The discipline code encourages schools to develop proactive strategies in addressing the social emotional needs of students.  For each behavior infraction the school as a number of recommended interventions that range from conferences with a counselor to classroom removals.  At PS.154, we believe that a combination of social emotional learning in the classroom, proactive planning for more intense behaviors and a menu of logical consequences will help to create a safe learning environment for all.

Mandated reporting (Child abuse)

All NYCDOE employees are mandated reporters.  If a staff member has concerns about the safety and welfare of any child they are legally responsible to call the Administration for Child Services (ACS). Once a report is initiated ACS will either take the case or make recommendations to the school

Cell Phones

Students are permitted to bring cell-phones to school. Please read through our policy and return the signed contracts.

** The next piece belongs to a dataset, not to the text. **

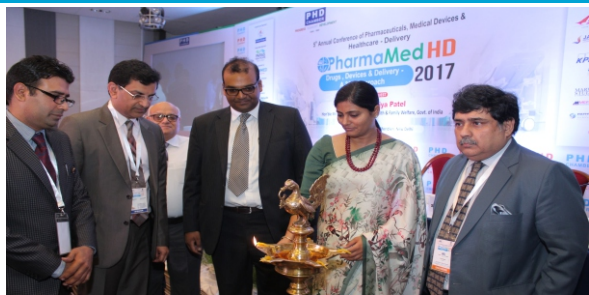
PharmaMed 2017 Lightning by Smt. Anupriya Patel Hon'ble Minister of State, Ministry of Health & Family Welfare, Govt. of India
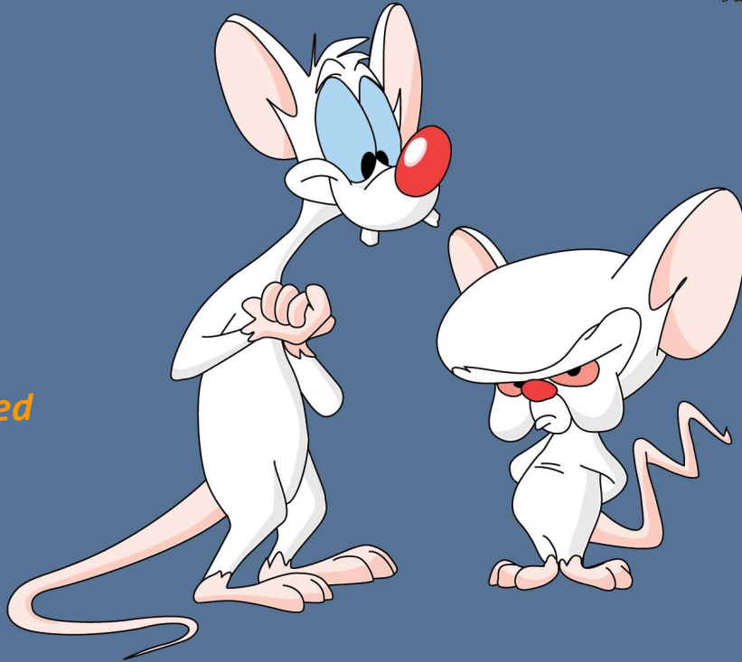
PINKY & BRAIN

General Response Protocols (GRP)-

All NYCDOE schools are required to perform evacuation drills, lock down and missing student drills throughout the year.  The GRP description page is attached.

Transitions in the building-

When travelling to and from the bathroom, water fountain, nurse’s office or any other location within the school K-2 students are always in pairs or threes. Students in grades 3-5 will travel alone but with a hall pass.

Door Alarms-

All exterior doors have alarms. Staff are assigned times to check that door alarms are activated periodically throughout the day.

Double Parking

Please don’t double park.  Blocking the sidewalk creates a safety issue for kids crossing the street and school buses getting close enough to our school for kids to enter/exit without having to walk in the street.

Our First Family Friday- 10/19/18

Our first Family Friday event was a great success. We had over 325 family members visit classrooms to share a truly memorable experience with our students. Our mentor text was the book Only One You, by Linda Kranz, which explores both self-acceptance and accepting others. We colored and painted rocks with designs that expressed our individual uniqueness. Check out some pictures from the event and keep an eye out for updates to our side garden. We will be decorating the space with our beautiful designs.

Thank you to all of our parents who collected and hauled over rocks to share!


We have fielded a lot of questions about our homework policy. Homework, at PS 154, has not been banned nor has it been eliminated.  Our objective is to be a responsive school that meets the individual needs of our students.

While some children benefit from reviewing class work at home, others do not.  As educators, we will make a determination about the most meaningful way to use homework as an instructional strategy. At minimum, every student should have a daily reading assignment.  Our upper grades (4-5) classes will assign more structured work so that students can begin to develop time-management skills.  Please reach out to your child’s teacher to discuss how homework fits into a daily plan.